A Sentinel-2 time-lapse (2016-218) of the Ebro Delta in Tarragona (Spain) generated about 30,000 views on Twitter.
There is a simplified version, Sentinel Playground, which is ideal for someone without any training or experience in the field of satellite imagery who wants to find the latest (or historic) available images of forest fires, to observe water levels in a lake or reservoir, or simply to understand how Earth Observation products are built. Also based on the Sentinel Hub technology, it enables easy-to-use discovery and exploration of full-resolution Sentinel-2 imagery, along with access to state-of-the art, but easy to use image processing tools. Any scene can be displayed in different combinations of spectral bands. The success of this platform is quite extraordinary. It has processed 25 million requests in the last three months!

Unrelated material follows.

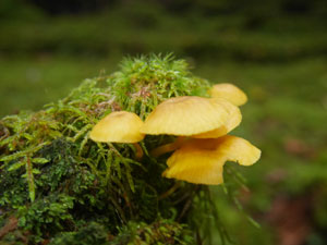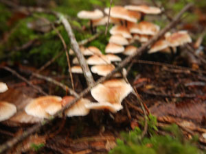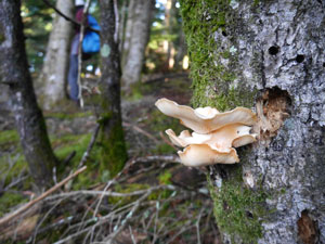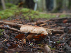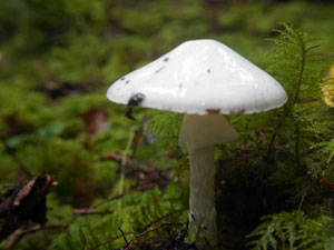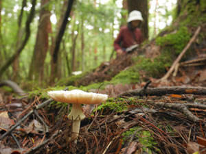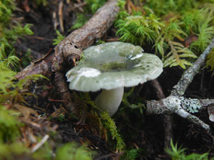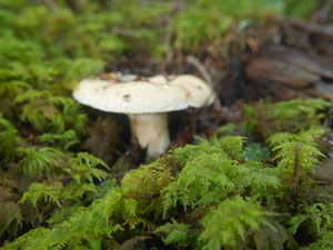 倒木を縫って上っていくと・・湿り苔の中に「シロハツ」。食べられるが旨くないとのことで不採用。 |

This is another facet of the Copernicus revolution: bringing EO data directly to citizens, to schools, to journalists etc. This does not only result in beautiful pictures of Earth seen from space. It contributes to raising awareness of the fragility of our environment, of the necessity to understand and control climate change and of the contribution of the European Union’s space programmes to our daily lives and to the challenges our planet is facing.
Sentinel-2 image over Brussels (Belgium) displayed in the Sentinel Playground interface, showing atmospheric penetration based on different spectral bands.